Grey has been bringing his distinctly Floridian brand of R&B and funk to Lexington ever since the first Mofro album, “Blackwater,” was released in 2001. Though inspirations have broadened since then, most notably in the Muscle Shoals influence on 2013’s “This River,” Grey and Mofro still relish in swampy soul.
The ghosts of Americana past have long lingered through the music of St. Louis pop/blues/jazz revivalist LaFarge, from the vocal slant of Jimmy Rodgers to the ragged romanticism of Leadbelly. LaFarge’s new “Manic Revelations” album modernizes that vintage feel, but only modestly.

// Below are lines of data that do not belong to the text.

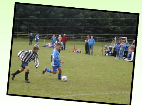
Above: left: Play Equipment and right: young people playing football on one of the football pitches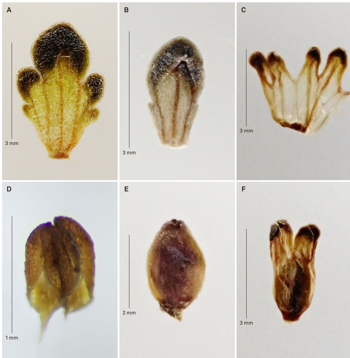
Fig. 3. – Euphrasia perpusilla Phil. A. Leaf of the third node; B. Leaf of the first node; C. Dissected calyx; D. Anthers; E. Immature capsule; F. Calyx. [Saldivia & Faúndez 4211]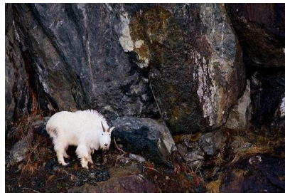
Pictured above: A mountain goat seen on a Stan Stephens Cruise

First National Bank Alaska (pictured above) was the 2015 Gold Rush Days Business Winner for best decorated business.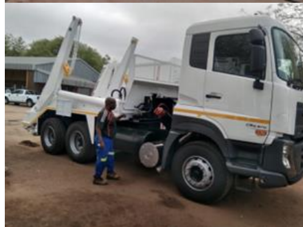
Figure 6: Lephalale Local Municipality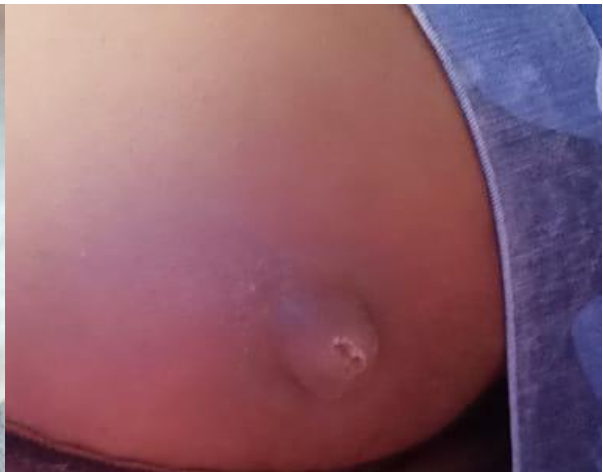
Fig: Dated on, 05/10/2021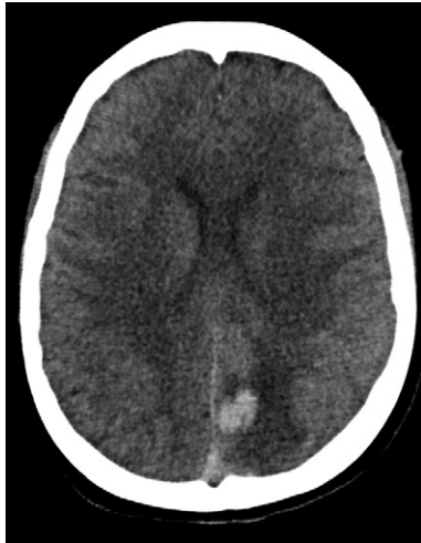
Figure 1. Noncontrasted head CT obtained following the patient's rapid neurological decline revealing hemorrhagic conversion of a venous infarction involving the left parieto-occipital region. Note the persistent hyperdense thrombus in the posterior superior sagittal sinus (SSS) despite systemic heparinization. A small right orbitofrontal hemorrhagic venous infarction was observed on a higher axial cut (not pictured).

(Terumo, Somerset, New Jersey, USA) into the left transverse sinus. A Cook exchange-length wire (Bloomington, Indiana, USA) was then navigated into the left transverse sinus, and the 5-Fr guide catheter was exchanged for a 6-Fr Terumo destination sheath (Somerset, New Jersey, USA). The 0.054-inch Penumbra thromboaspiration catheter was then navigated over an Agility 14 microwire (Cordis Neurovascular, Miami, Florida, USA) through the thrombus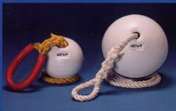
12" & 18" Mooring Buoy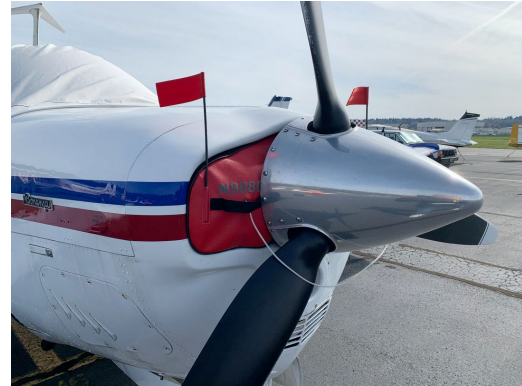
Bonanza/Debonair F33A Engine Inlet Plugs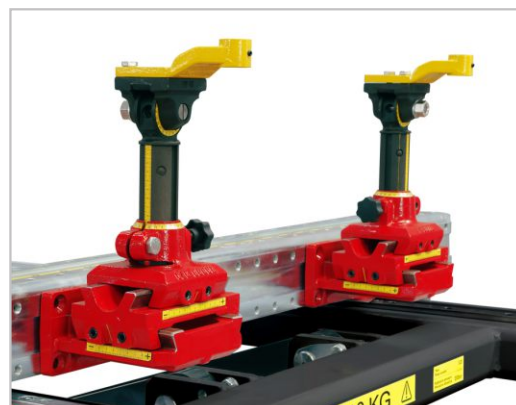
Universal Jig System

It seems like ages since Case’s alt-country turned alt-pop singing, a siren call of reverb-soaked wonder, commanded a Lexington stage. She has played surrounding cities numerous times, visited the WoodSongs Old-Time Radio Hour for an abbreviated set and even sang backup for Jakob Dylan. This time, though, Case will be the star of the show.

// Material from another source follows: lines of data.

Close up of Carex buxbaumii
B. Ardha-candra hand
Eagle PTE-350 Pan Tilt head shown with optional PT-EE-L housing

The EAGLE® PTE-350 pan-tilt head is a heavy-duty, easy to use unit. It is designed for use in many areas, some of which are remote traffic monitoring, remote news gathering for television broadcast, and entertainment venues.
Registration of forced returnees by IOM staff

Extracurricular activities alone — which have included making music with Phil Lesh, Trey Anastasio and duo work with Joe Russo — have made Marco Benevento a hero in jam band circles. But this winter, the keyboardist is touring behind two albums, the 2016 studio set “The Story of Fred Short” and 2017’s live “Woodstock Sessions.”
It’s been just shy of three decades since the HeadHunters hit the charts with their Metcalfe County-bred brand of barnyard boogie music. With four of its five founding members still on board, the band still carries on with blues-fortified electric country albums like 2016’s “On Safari.”
One time Lexingtonian, longtime Alison Krauss sidekick and celebrated dobro stylist Jerry Douglas has ventured far into the field of progressive string music over the decades. The Earls of Leicester, however, is a scholarly, Grammy winning tribute to the Lester Flatt/Earl Scruggs school of traditional bluegrass, hence the band name.
Though still in her 20s, Mayfield has released four stunningly different Americana-leaning albums over the last decade. The newest, “Sorry is Gone,” is a harrowing journey out of the darkness of domestic abuse. Chiming guitars, reverb-soaked vocals and assorted electric squalls color storylines of very real, country-tinged drama.
It’s nice to have Galactic as semi-regulars in Lexington again. While the New Orleans funk troupe hasn’t released a new album since a visit to the Lyric two years ago, its band members have been moonlighting in numerous projects, including drummer Stanton Moore’s guest-filled Allen Toussaint tribute record, “With You in Mind.”